And then I thought of the Frida Kahlo painting where she's wearing the necklace of thorns and I thought that was the perfect metaphor for what I do and what I hope to help others do, which is take pain and the thorns, the pain that she suffered, right, and transform it into the beauty as she did with her incredible painting. 


So that's where that came from. And I wrote it really for my students, for anyone who hasn't been able to take the class directly. And I think people who had read my fiction and wanted an insight into the person behind the fiction as well.
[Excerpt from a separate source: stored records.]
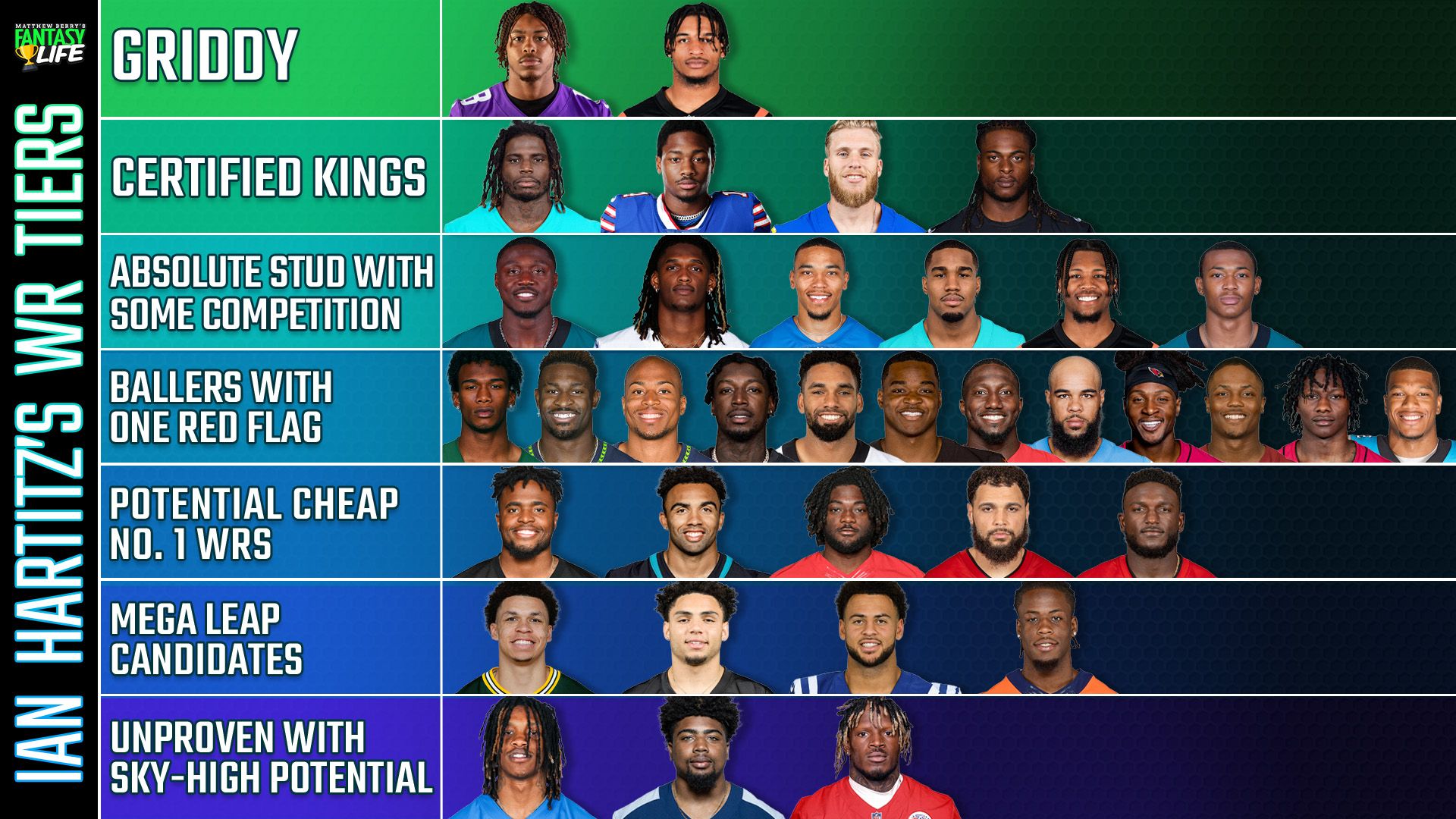 Ian Hartitz ranks fantasy-relevant WRs for the 2023 season, breaking them into tiers and providing ADP and key info about what to expect from each player.
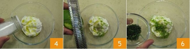 Salez 4, poivrez, aromatisez avec le zeste de lime 5 et avec le fenouil haché 6.
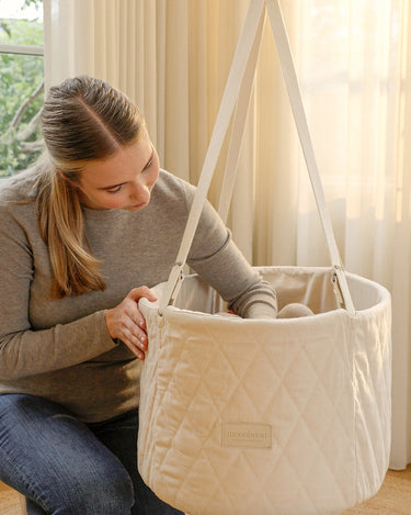3. Langzaam beginnen: Het schommelen moet voorzichtig en langzaam worden ingezet - handmatig of met onze Moonboon Motor. Je kunt het tempo en de duur van het wiegen geleidelijk opvoeren naarmate je baby eraan gewend raakt. Je zult al snel leren wat voor jou werkt.
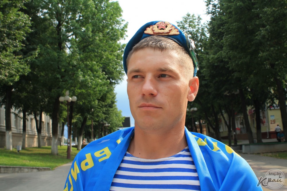 Давать интервью парням в тельняшках нравится, и со словами «расспросите самого старого десантника» они выталкивают из толпы 43-летнего Валерия Стрельчука. 23 года назад он служил в Витебске в 357-м гвардейском десантном полку, но признается, что «помнит все как сейчас».
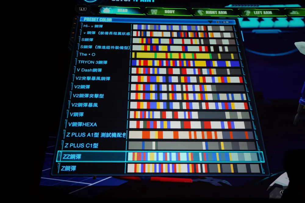 接着两位制作人现场挑战组装机体,每部分零件都透过现场徵询的方式让玩家从自己喜爱的钢弹系列作品机体中挑选,最终组出了由「逆 A 钢弹」头部、「GN-X」胸部、「剎帝利」左臂、「沙萨比」右臂、「达里巴尔迪」足部所构成的机体,并搭配便利的「预置配色」功能提供的「百式」配色,构成了这次上市纪念活动专属的「上市纪念钢弹」。
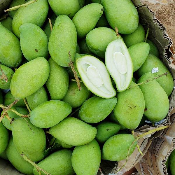 Xoài non rất ngon, ngọt và giòn khi ăn sống với mắm ruốc hoặc muối ớt, nhưng cũng khá ngon lành khi chế biến thành các món ăn khác như: xoài trộn chân gà, gỏi xoài tôm thịt, xoài ngâm chua ngọt, xoài non dầm bò khô,…
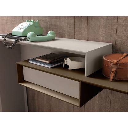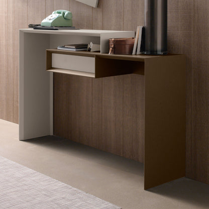 The shelves on two heights are completed with the drawer, which can be opened through the recess that frames it and which continues in the profiles of the entire console. The interlocking game is repeated in the Florence mirror, where an ideal frame is rotated.
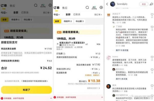 而外卖大战打响前,就有不少餐饮商家在社交平台抱怨“美团要把商家搞死了”,并且晒单:顾客付款20多元的订单,最终商家到手仅10元出头甚至更少。
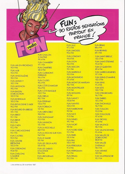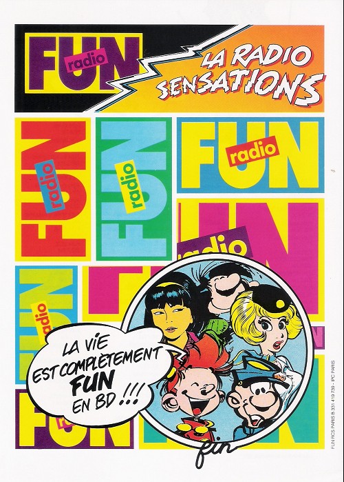 Commentaire : Flyer indiquant la liste de stations Fun Radio en France. Avec les personnages de A. Franquin, Janry, W. Lambil, R. Leloup et F. Walthéry.

So it came from a lot of things and it was very cathartic to write it because writing nonfiction is certainly different in that way since it is so immediate and raw and directly the experience, as opposed to fictionalizing which is great too. 


A: Yeah, wow, I love that because I feel that it's an extension of being a teacher that you wrote this book because you're you're leading from your own personal life example and your own story, which is a powerful thing to do which is I'm sure something that you have, you know, as a teacher been called into to show up that way like in person for your students but to put that in a book so that more and more people have access to it. Did you feel at any point like vulnerable and sharing your memoir with others? 
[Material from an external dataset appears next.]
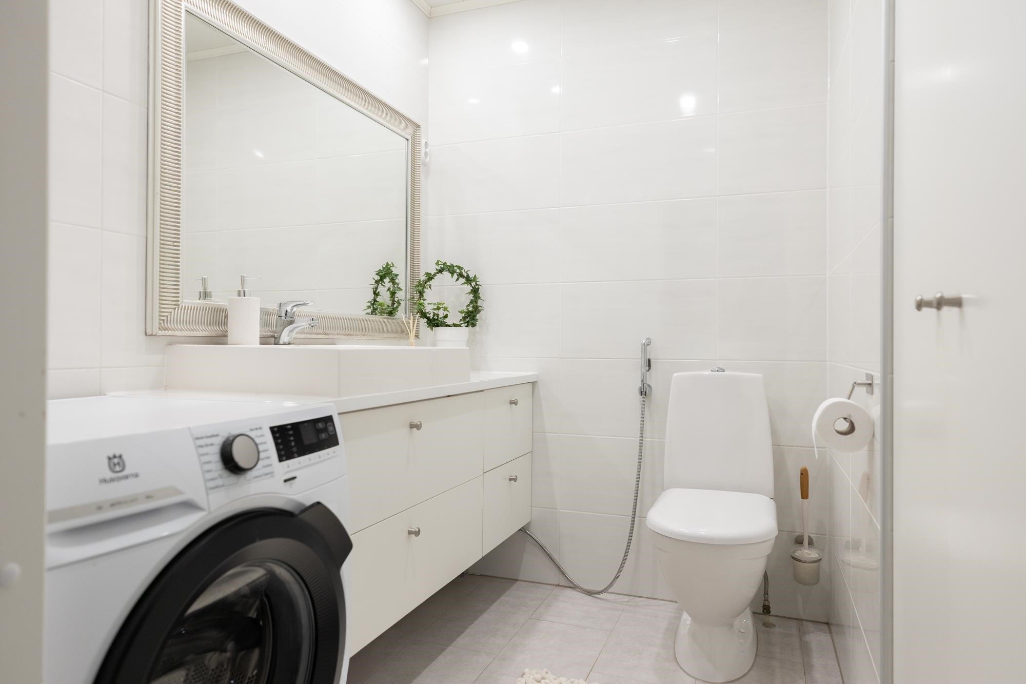 - Sauna, sähkökiuas, kylpyhuone, erillinen wc, suihku, suihkuseinä, peilit, kaapit, allaskaappi, pesukoneliitäntä, lattialämmitys, kiinteät valaisimet.

F: Yeah, so it's always a vulnerable process because my fiction comes from my personal life so much. However, more so with memoir because, as I said, there's no veil or scrim it's just the raw truth. At the same time, I have gotten over that fear because I have learned that by doing it, it's brought me so much; it's brought me catharsis, it's brought me perspective on my life, and it's connected me to all these wonderful people. 
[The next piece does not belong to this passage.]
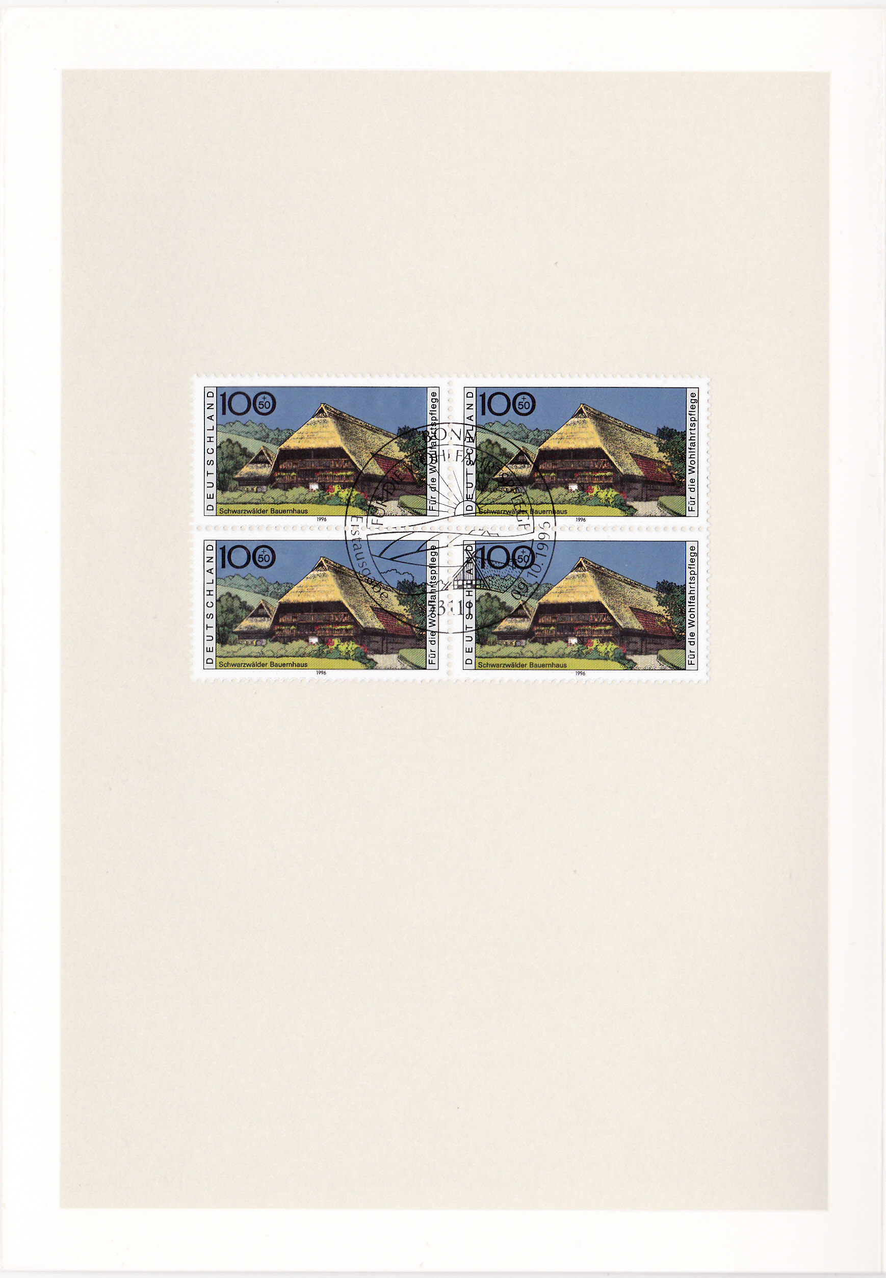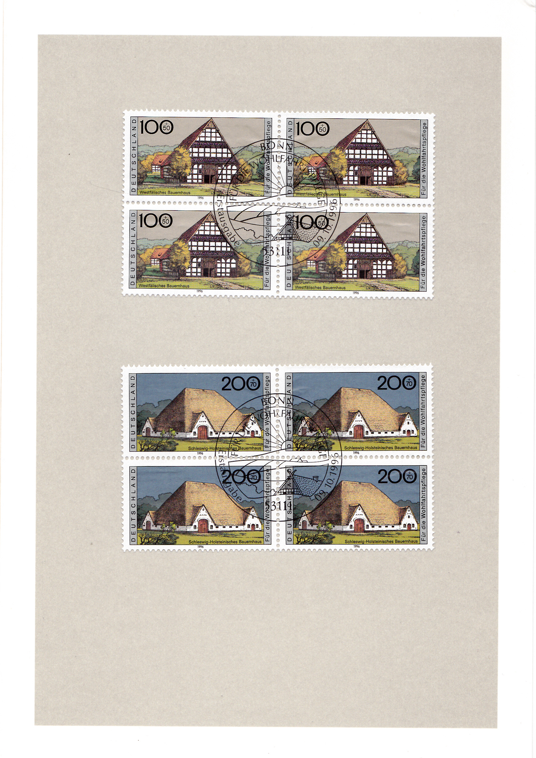 Hier mal wieder eine etwas ältere Ministerkarte aus der Amtszeit des Bundesministers für Post und Telekommunikation Wolfgang Bötsch. Wie zu der damaligen Zeit bei Zuschlagsmarken üblich, wurden hier die Wohlfahrtsmarken 1997 in Viererblöcken eingeklebt. Die Karte ist nach dem Auseinanderklappen dreiteilig. Für die Weihnachtsmarken gab es eine zweite Klappkarte, die einfach innen beigelegt war, daher bezieht sich der Text auf der Vorderseite auf beide Ausgaben. Die Karte mit den Weihnachtsmarken liegt mir aber zur Zeit nicht vor.

I mean, I wouldn't be sitting here talking to you now, right it's all because I took these personal experiences that might feel vulnerable and put them on a page and sent them out into the world it's like a message in a bottle, and then I get so much richness back. 


So I encourage anyone who has that desire to do it, and just the caveat being do it with support because sometimes it brings up a lot of trauma when you're writing about trauma, it reenacts the trauma, so you want somebody wise to be guiding you with that. 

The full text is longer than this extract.